Search the records for the word "only" and copy each line in which it appears.
::::
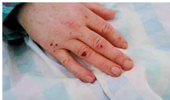
Fig. 2. Maculopapular rash of the palm.

The levels of immunoglobulin (IgG, IgA, IgM, IgE) and C3 and C4 components of complement remained normal.
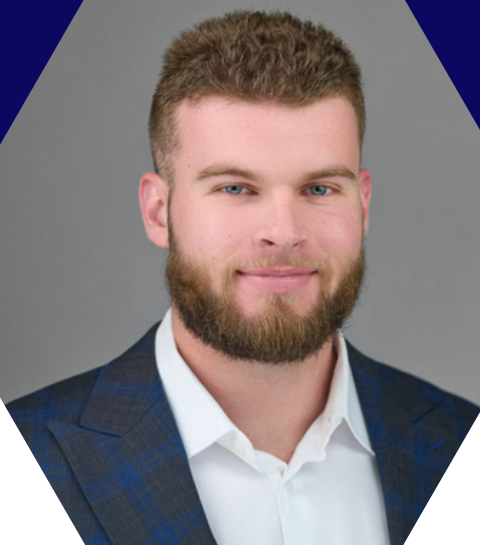
Brandt Franks Recruitment
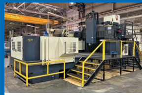
(5) CNC Bridge Type Mills
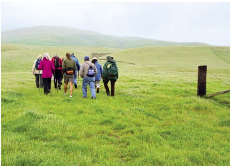
These hardy hikers braved an early evening rainstorm before setting off in search of the wildflower fields on Cougar Mountain.
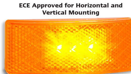
Part Number EU38AMHD - Blister Single EU38AMHDB - Bulk poly bag
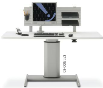
Airtouch Rectangular, seated height

So many ways to configure for so many different figures. Go figure.
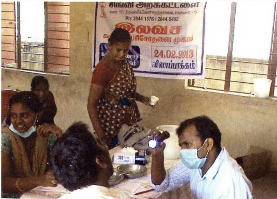
Providing dental relief at one of the camps of Singhvi Charitable Trust.
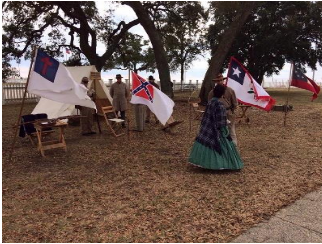
Camp #2263 Members and Associates set up at Beauvoir for the first 3 rd Saturday Living History on Jan. 20, 2018.
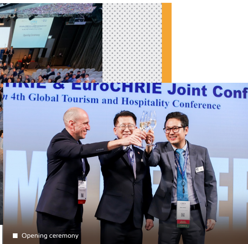
■ Opening ceremony
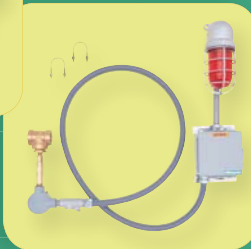
9001EXP Explosion proof audible alarm and light
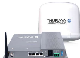
Maritime Terminals for offshore communications
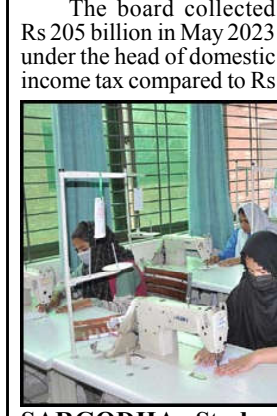
SARGODHA: Student attends classes during Skill Summer Camp 2023 at Government College of Technology for Women.

131 billion in May 2022, thereby showing a growth of 57%. A healthy year-on-year growth of 28% was achieved in the domestic sales tax with collection of almost Rs 100 billion. Around Rs 41 billion were collected as Federal Excise Duty (FED) showing a year-on-year increase of 32%. A cumulative growth of almost 44% has been achieved in the collection of domestic taxes. "This is despite the fact that the economy has slowed down and GDP growth rate has been revised downward.
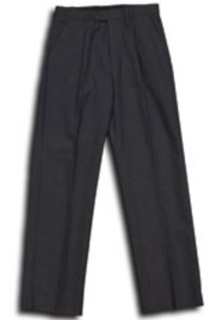
Boys Grey Trousers (Year 7-12)
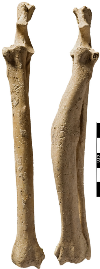
Fig. 6. Comparison of right and left radius-ulna, cranial view.

unfortunately not be compared to the opposite bone, the latter being fragmentary.
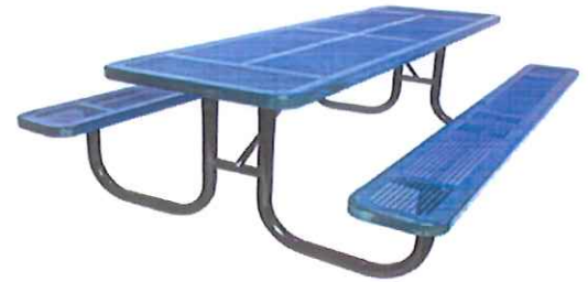
HD / Ultrasite Steel Perforated Table:
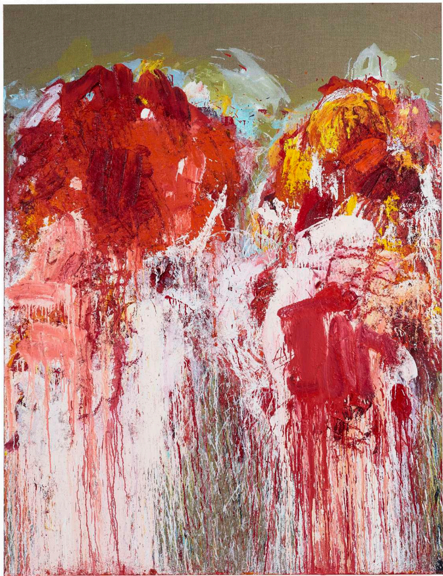
Chartres, 2023 Oil on Belgian linen 200 x 153 cm 78 3/4 x 60 1/4 in
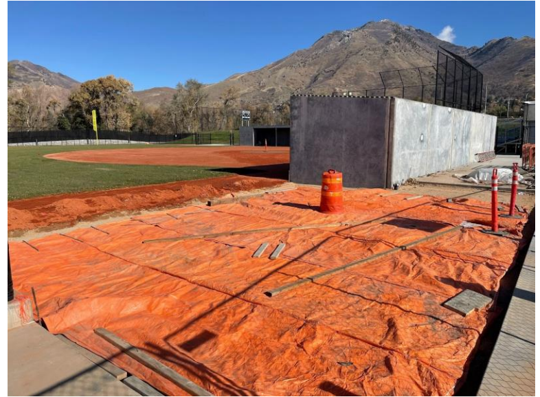
Red dirt on softball field
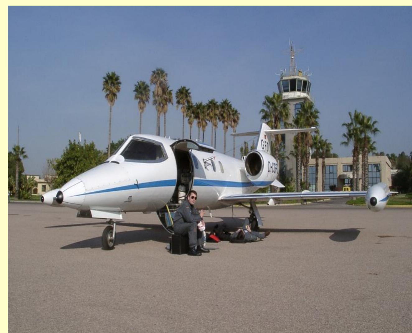
Stop over in Casablanca during one of the SPURT flights. SPURT aimed for meridian cross sections of the northern hemisphere from North Europe to North Africa within only two days.

enviscope GmbH has a long standing experience in supporting scientific field work. Since 1992 enviscope participated in numerous national and international research campaigns. We offer this service not only for our own aircraft but also for any other research activity.
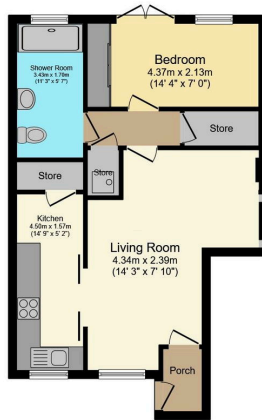
Floor Plan Floor area 51.5 sq.m. (554 sq.ft.)

Total floor area: 51.5 sq.m. (554 sq.ft.)
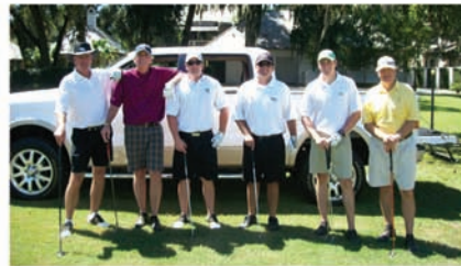
Golfers at the Battle Against Autism
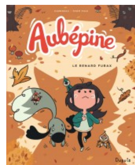
Le renard furax
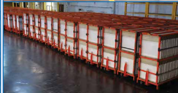
TAYLOR DUNN E0-034-51 ELECTRIC TUGGER TRUCKS PLUS TUGGER CARTS
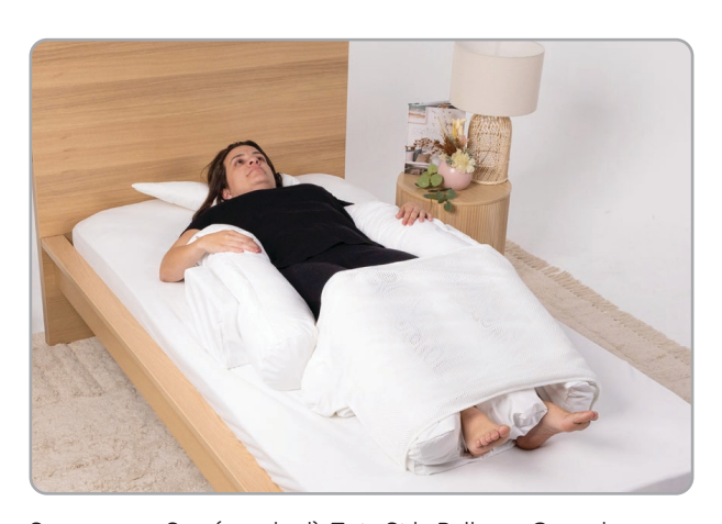
Snoooooze Star (standard), Twin Side Roll, two Curved Wedges (large), W Leg Trough (medium) and a Banana Cushion (standard)
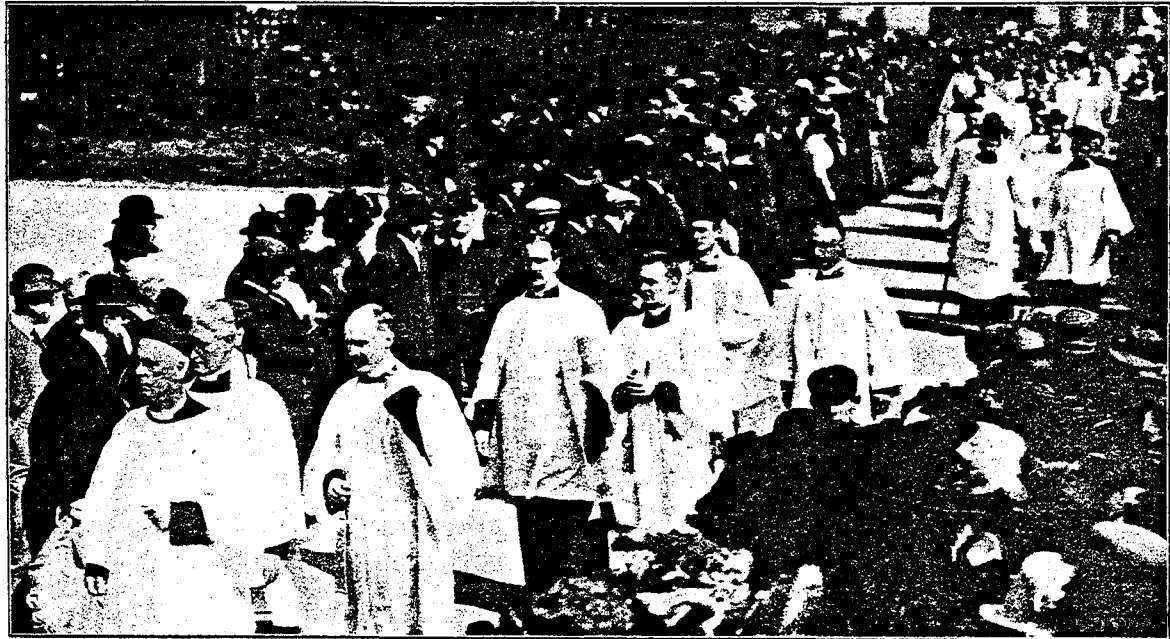
A PORTION OF THE PROCESSION OF CLERGY.
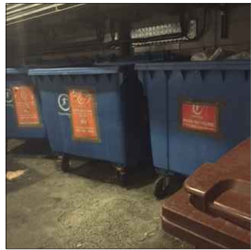
1. plastic, paper, mixed waste
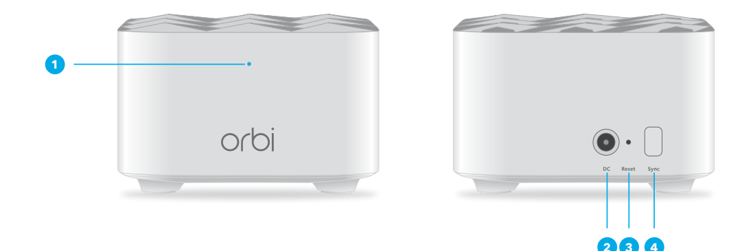
Figure 2. Orbi satellite front and back views

The following figures shows the Orbi satellite hardware features.
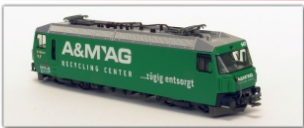
KT-057.3Nm: RhB Ge4/4 III 647, Grösch, A&M Recycling Center, Spur Nm, mit Kato-Kurzkupplung, Basis Kato

The Ge4/4III is the most modern high-performance locomotive of the Rhaetian Railway and has an output of 3,260 hp, which makes it the most powerful locomotive of the RhB. With their large sides, the locomotives are particularly suitable as advertising media. Ge 4/4III 647 was ordered in 1991 and put into service on 20.09.1994. From 2013 to 2016, it advertised for the recycling company A&M AG in Trimmis and was given a striking green livery for this purpose.
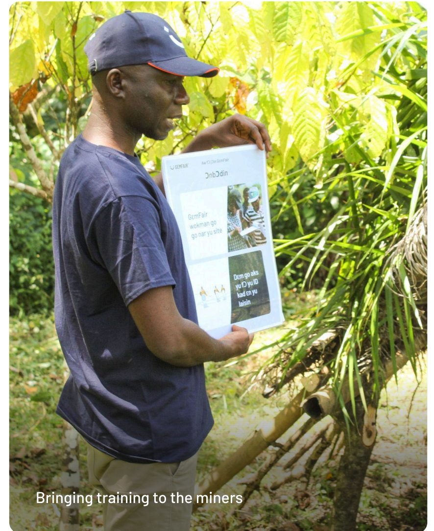
Bringing training to the miners

In 2025, we delivered training to 16 mine sites and a total of 168 people.
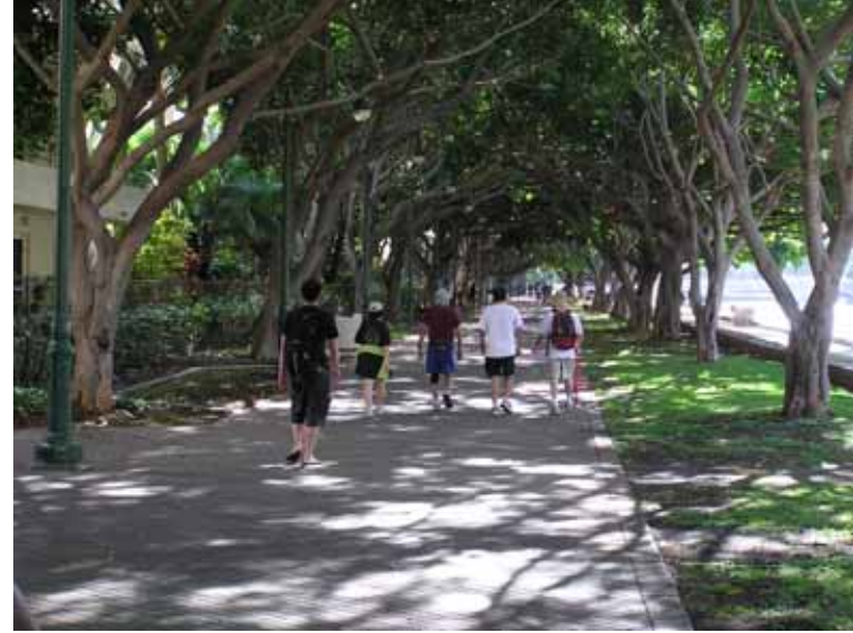
Mahalo to "Trail Master" Dennis Romig for wheeling the route and to all those who diligently read the map directions to check for clarity. The new maps will be made available as soon as the old ones are depleted.. Waikiki YR #166 will then have two 10K options.
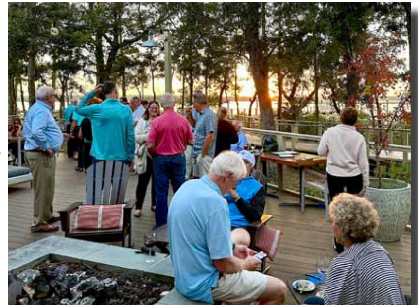
Balmy weather and a beautiful sunset made for a pleasant autumn evening.
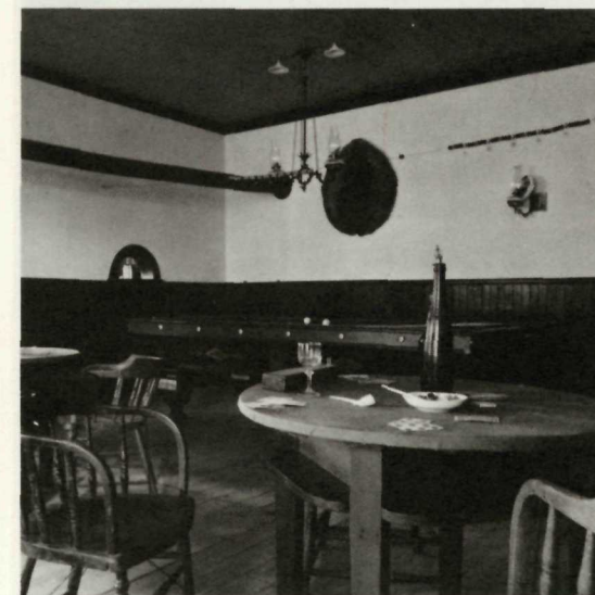
1883 OFFICER'S CLUB
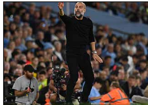
BACK AGAIN? very soon, allegedly

In a statement the club said: "Pep Guardiola has today undergone a routine operation on a back problem. The Manchester City boss has been suffering with severe back pain for some time lately, and flew out to Barcelona
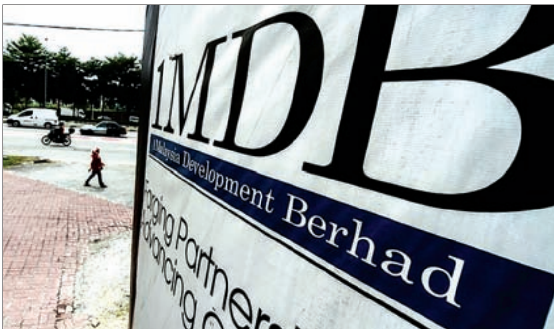
Singapore has seized "a large number of bank accounts" as part of investigations into controversial Malaysian state fund 1MDB, authorities said, vowing not to let the city-state become a refuge for illicit funds.

Last week, Malaysia's attorney general cleared Najib of any criminal offences or corruption, declaring that $681 million deposited into his personal bank ac-
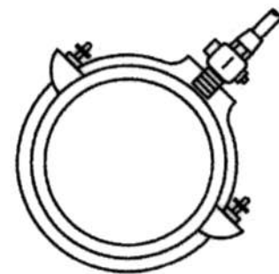
WIDE BAND SINGLE SADDLE OR DUAL SADDLES

BLOW-OFF & CHLORINATION TAPS ARE MADE IN VERTICAL POSITION
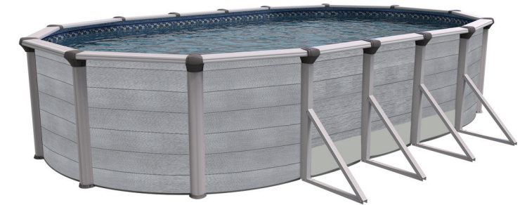
Magnum wall shown
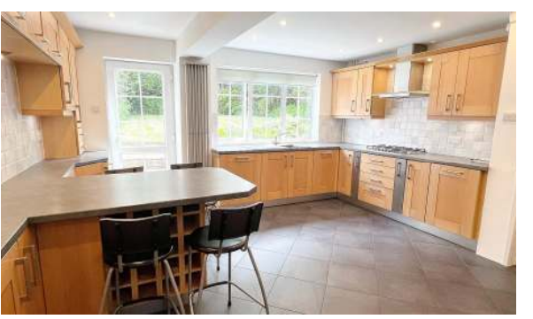
1 REDWOOD CLOSE, STREETLY, B74 3JQ - OFFERS AROUND - £580,000
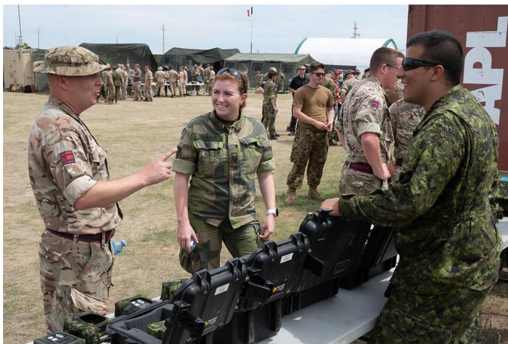
Canadian Army and international personnel conduct chemical, biological, radiological, and nuclear response training as part of Exercise PRECISE RESPONSE 2022, July 2022 at CFB Suffield, Alberta.
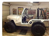
1965 jeep cj5 base 2.2l tuxedo park
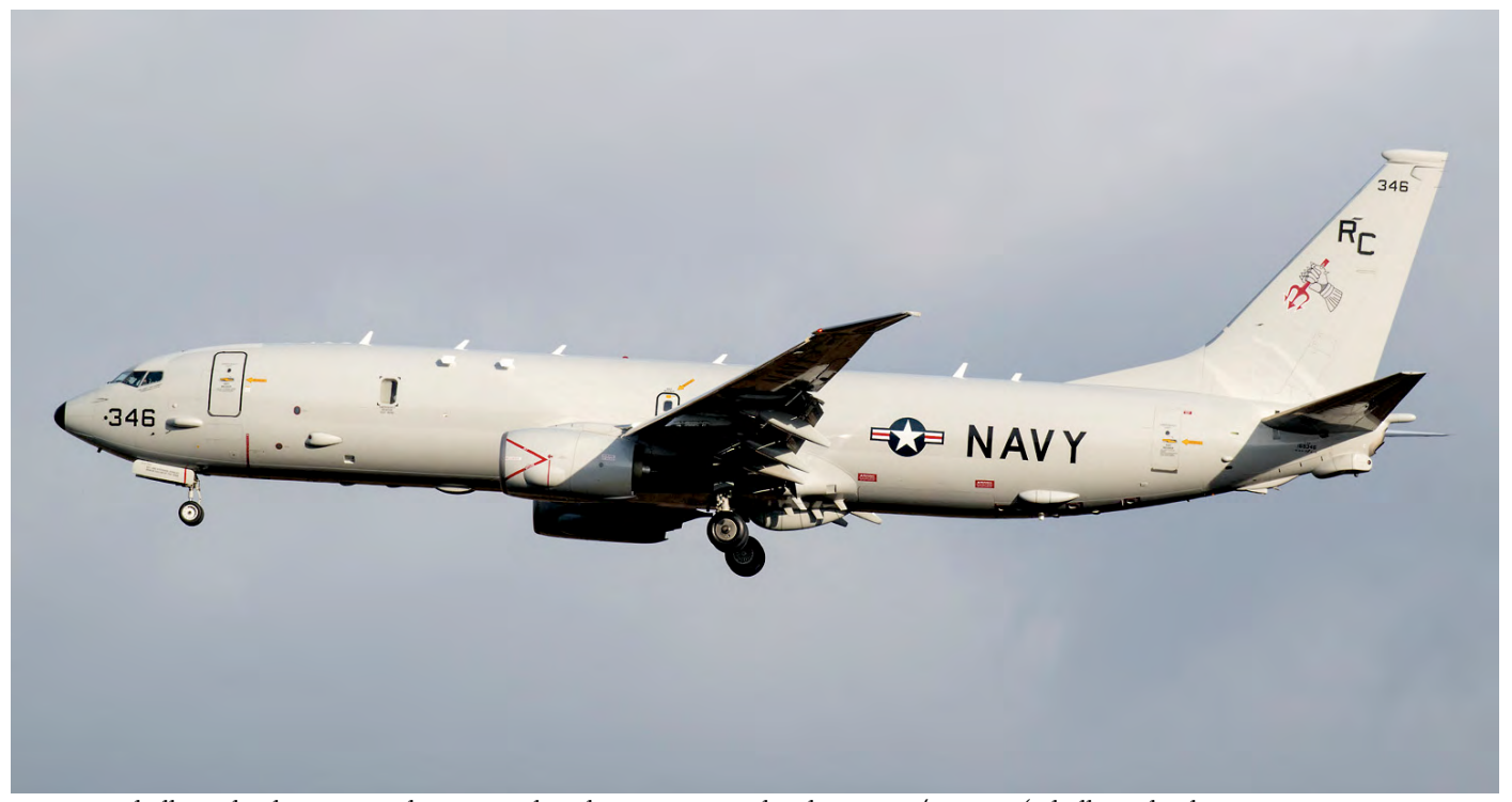
VP-46 at Whidbey Island NAS recently converted to the P-8A, using also this 169346/RC-346. (Whidbey Island NAS, 9 January 2020, Erwin Moedersheim)
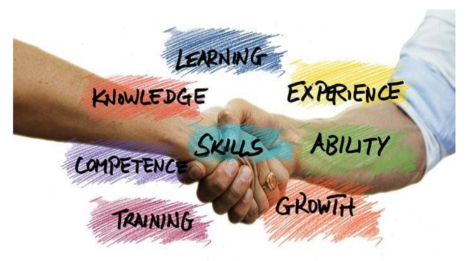
Fig. (6.1). Nursing & Professional Values.

• Apply what was learned to the following two Cases in Point: When a client record is altered & When a nurse is ordered to withhold crucial information.
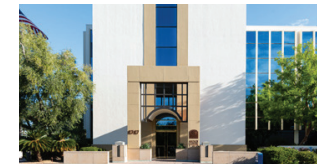
4747 4747 N 22nd St Phoenix, AZ 85016
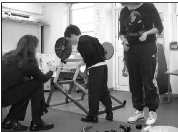
Figure 4: Developing Quadro® models of playground equipment

Teacher C, teaching pupils with BESDs, in a primary special school focused on a project to design and build a piece of playground equipment (Figure 4) using Quadro® (a large scale frame construction kit).
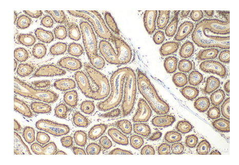
Immunohistochemical analysis of paraffinembedded mouse testis tissue slide using 22006-1-AP (TBP antibody) at dilution of 1:500 (under 10x lens). Heat mediated antigen retrieval with Tris-EDTA buffer (pH 9.0).
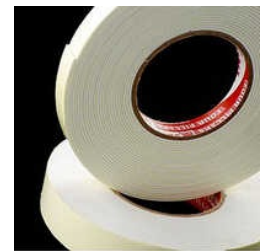
Double Side Self Adhesive Tape
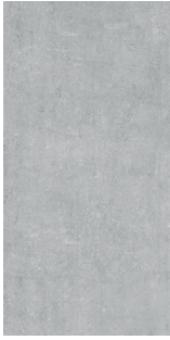
NY01-1224N - Quicklime 12" X 24" Sq.Ft.: $7.95 - PC.: $15.43
::::
▶ _OUTPUT OF THE EXERCISE_
Stop over in Casablanca during one of the SPURT flights. SPURT aimed for meridian cross sections of the northern hemisphere from North Europe to North Africa within only two days.
enviscope GmbH has a long standing experience in supporting scientific field work. Since 1992 enviscope participated in numerous national and international research campaigns. We offer this service not only for our own aircraft but also for any other research activity.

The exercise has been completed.